As far as I have read so far, proper time is the time measured on the clock of an inertial frame moving uniformly with respect to another inertial frame. The concept and the mathematical expression for proper time is originated from the concepts of relativity of simultaneity and time dilation, both of which are evident from the fact that the quantity "interval" between two events remains constant in all the inertial frames. The conclusion is that the quantity proper time has a meaning only when we are talking about an inertial frame of reference.
I encountered a question in my exam: $$ x(t) = \sqrt{(b^2)+((ct)^2)} $$ The equation of motion of a particle in the ground frame of reference is given by the above equation. Calculate the expression for proper time. (This question is taken by Griffiths, Electrodynamics book).
I have two doubts about this question:
Does it make sense to define proper time for an accelerating object?

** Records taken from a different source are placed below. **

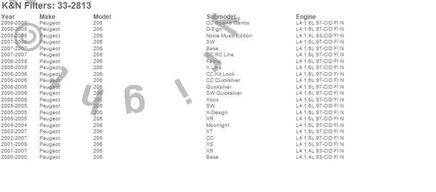 Below is an abbreviated list of applications for the Air Filter.206, Peugeot, 2008, 2007, 2006, 2005, 2004, 2003, 2002, 2001, 2000
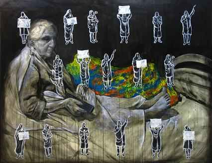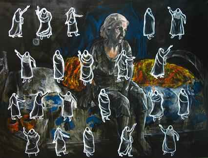 اگر آثار مجموعه «پردههای واژگون» را به صورت روایت این مفاهیم پیش رویم متوجه میشویم کمکم هسته این گفتمان را باوجود تناقضها و دوگانگیها پذیرفته است یا لااقل انعطاف یافته است. بحث خود را با تفسیر دو شکل 4 و 5 که به دنبال یکدیگر مفهوم نهایی را ساختهاند به پایان میرسانم. در شکل 4 پیرزنی را در چند سال اخیر مشاهده میکنیم که زاویه دیدش به گذشتهها است اما این گذشته بعید نیست. نگاه او به سالهای اخیر است که زنان ایرانی برای آرمانهای خود برای اولین بار در تاریخ کشور دوشادوش مردان وارد صحنههای اجتماعی شدند و سهم زیادی در انقلاب ایران داشتهاند. انقلابی که همانطور که توضیح داده شد در هسته سمیوسفر قبلی حضور داشته که نقش حاشیه فرهنگی دیگری را بازی کرده است. در شکل 5 پیرزن سالخوردهتر شده ابزار تکنولوژی –کنترل- را در دست گرفته است و شرایط فرهنگی و جایگاه اجتماعی زن را دگرگون میبیند. کنترل خود چندین دلالت دارد. در دلالت صریح نشانه ابزار امروزی، در دلالت ضمنی متناقض پیرزنی است که دیگر ابزار را در کنارش ندارد و در دست گرفته است و در سومین لایه دلالت نقشی اسطورهای و بینارسانهای دارد. پیرزن نگاهی به نزدیک دارد و شاید به رسانهای دیگر که از آن شاهد حضور زنان جوانتر است. زنان نسل سومی که به صورت متکثر در حاشیه متن حضوری پر رنگ دارند. آنها هر کدام دارای پوشش متفاوت، نقشی خاص و هر یک خواهان جایگاهی اجتماعی برای خود هستند.
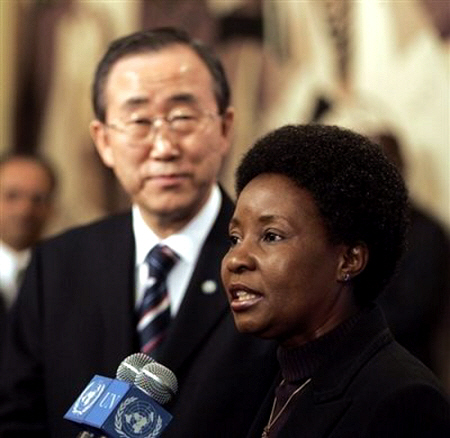 The United Nations’ Deputy Secretary-General Asha-Rose Migiro at the microphone as General-Secretary Ban Ki Moon looks on. (photo courtesy of the United Nations)
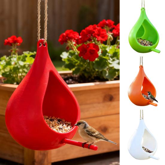 Wiszący karmnik dla ptaków w kształcie kropli, karmnik dla kolibrów z grzędą, łatwy do napełniania, wiszący karmnik dla ptaków, na zewnątrz, balkon, ogród
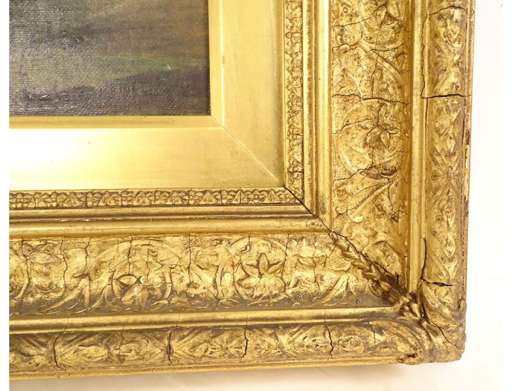 These paintings and their frames are in good condition and are very decorative. They are signed on the frames and on the back of the canvases.
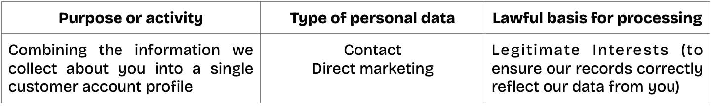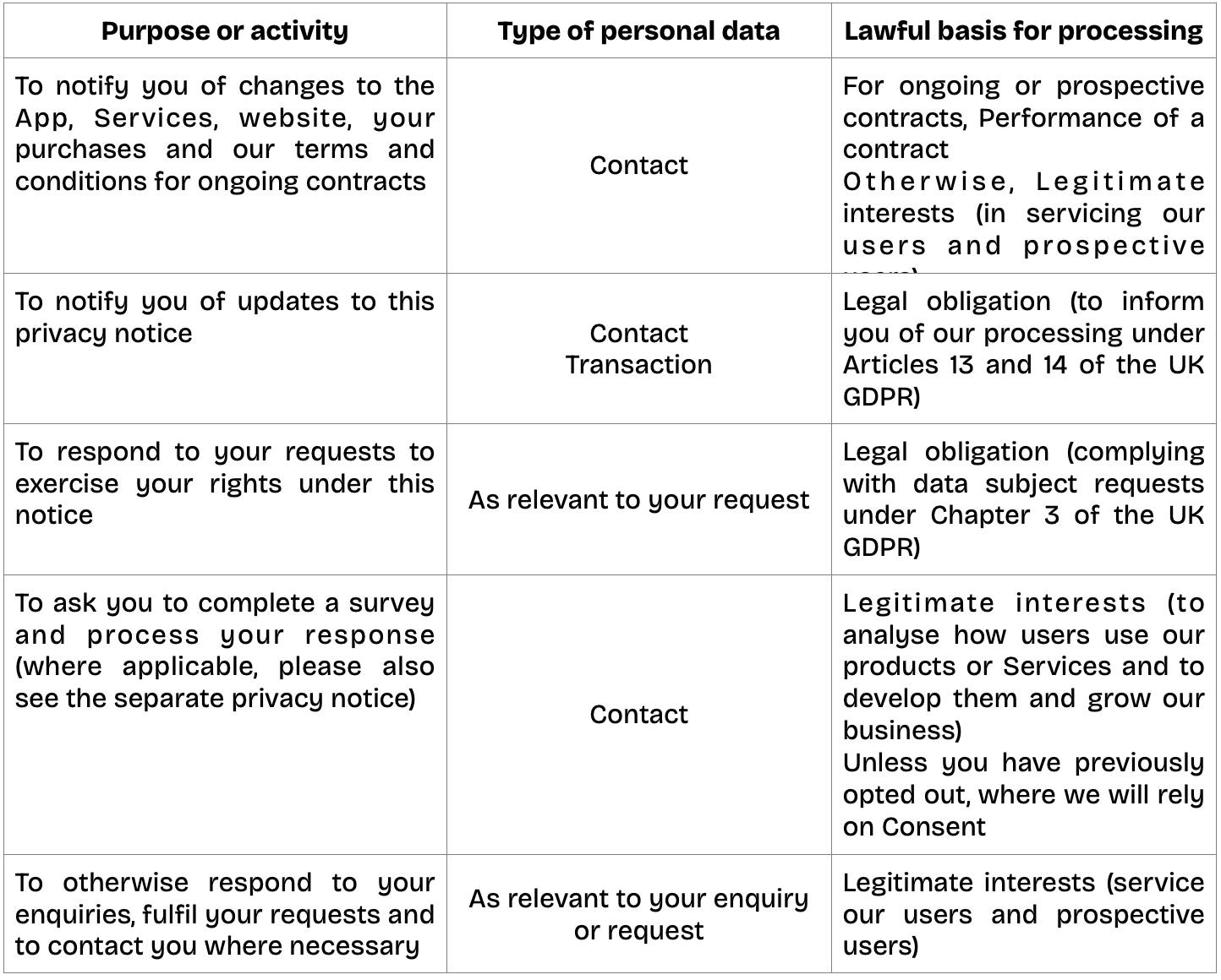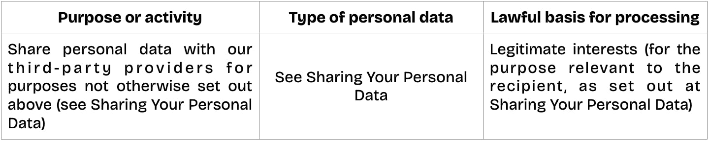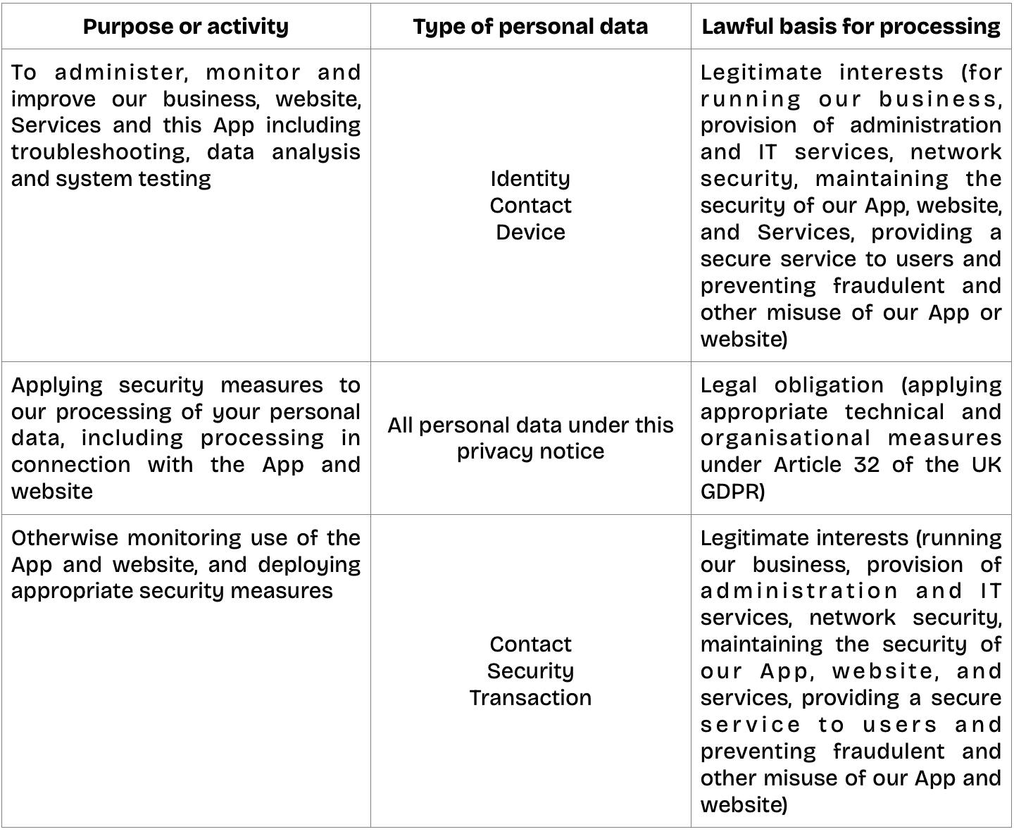 We have set out below, in a table format, a description of all the ways we plan to use the various categories of your personal data, and which of the legal bases we rely on to do so. We have also identified what our legitimate interests are where appropriate.
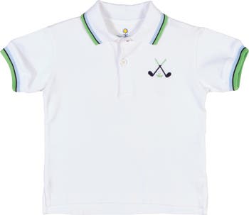 Classic and sporty, this white interlock knit polo is crafted from 100% cotton for soft, breathable comfort. Embroidered golf clubs and a ball add a refined, playful touch, while the white collar and sleeve rib—finished with blue, green, and navy tipping—create a polished, resort-ready look. A traditional button placket completes the design, making it easy to pair with shorts or swim trunks for vacation outings, sunny days, and warm-weather celebrations.
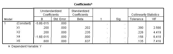 在SPSS里做了多元回归分析,5个自变量,1个因变量,出来的结果是这样子的:
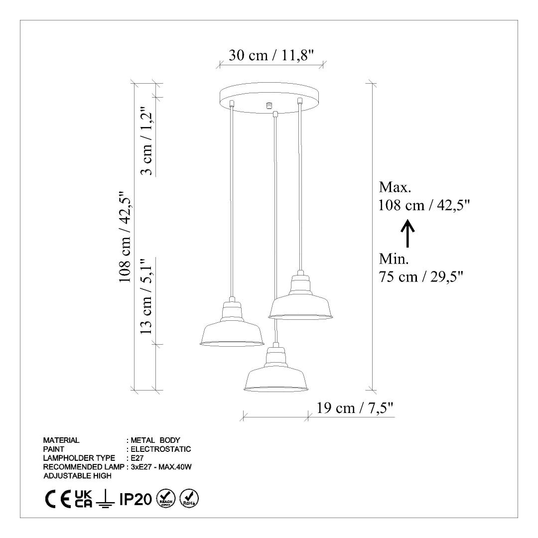 Muuda oma eluruum meie uimastava metallist lühtriga. See peen tükk lisab elegantsust ja elegantsust igasse ruumi, luues sooja ja kutsuva atmosfääri, mis meeldib teile ja teie külalistele. Tõstke oma kodu kaunistustTehke avaldus selle kauni lühtriga, millel on metallist korpus ja antiikvärv(id), mis täiendab mis tahes stiilis sisustust. Reguleeritav kõrgus võimaldab teil kohandada välimust nii, et see sobiks ideaalselt teie ruumiga, samas kui elegantse disainiga lisab igale ruumile kaasaegse puudutuse. Loo soe ja kutsuv õhkkondValgustage oma kodu selle lühtri pehme ja sooja säraga. Olenemata sellest, kas korraldate õhtusöögi või lõõgastute hea raamatuga, loob see lummav valgusti täiusliku atmosfääri igaks juhuks. Tehnilised üksikasjad:Läbimõõt: 45 cmKaane suurus: 1,5 mm: Suurus: Ø19 h:13 cmKogukõrgus: 75 - 108 cmAlusplaadi suurus: Ø30 h:3 cmKaabli pikkus: 90 cmPistikupesa tüüp: 3 x E 27 Max 40 WPirn ei kuulu komplekti220-240 VIP-kood: IP20Värv: Antiikvärv(id) Värv: Antiquation
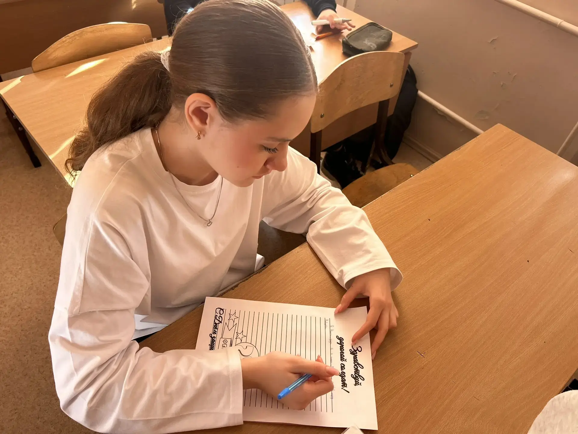 Сегодня учащиеся разных классов нашей школы присоединились к важной акции — написали письма героям, которые защищают нашу страну вдали от дома. В этих письмах ребята выражали слова благодарности, поддержки и теплые пожелания.

Assuming that the answer for Q1 is yes, then is it calculated by transforming coordinates into a new reference frame moving with velocity v for every small time dt? i.e., for every small change in dt there is a change in velocity of the particle as seen from ground frame. So, do I have to change my frame for every dt time, and sum up the dT? dT - infinitesimal proper time.
Answer
In special relativity, you have to choose as frame of reference which is an inertial frame. In this inertial frame, you may consider the movement of any object, whatever this movement is (accelerated or not).
Let the coordinates of the moving object, relatively to an inertial frame $F$, be $x$ and $t$. We can consider an other initial frame $F'$, which coordinates of the moving object, relatively to $F'$, are $x'$ and $t'$
The heart of special relativity is that exists an invariant which is $c^2 dt^2 - \vec dx^2 = ds^2$. This means that : $c^2 dt^2 - \vec {dx}^2 =ds^2= ds'^2 = c^2 dt'^2 - \vec {dx'}^2$. All inertial frames, when looking at the moving object, agree on the same value $ds^2$
Now, at some instant $t_0$, you may always consider a inertial frame $F'(t_0)$ which has, at this instant, the same speed as the moving object, relatively to $F$. Of course, you will have a different inertial frame $F'(t)$ for each instant. However, the key point is, that the instantaneous speed of the moving object relatively to $F'(t)$ is zero, that is, you have $dx' =0$, so you may write : $ds^2 = c^2 dt^2 - \vec {dx}^2 = ds'(t)^2=c^2dt'^2$
The time $t'$ defined in this manner is called the proper time of the moving object, and is noted $\tau$ ($c^2 dt^2 - \vec {dx}^2 = c^2d\tau^2$). It represents the time elapsed for a clock moving with the moving object.
With your problem, note that if you take the parametrization :
$$\left\{ \begin{array}{l l} ct= b ~sh (\frac{c \tau}{b}) \tag{1}\\ x= b ~ch (\frac{c \tau}{b}) \end{array}\right.$$ you will find, with a little algebra, that, first, $x(t) = \sqrt{(b^2)+((ct)^2)}$, and secondly, that $c^2 dt^2 - \vec {dx}^2 = c^2d\tau^2$ (We suppose here $dy=dz=0$).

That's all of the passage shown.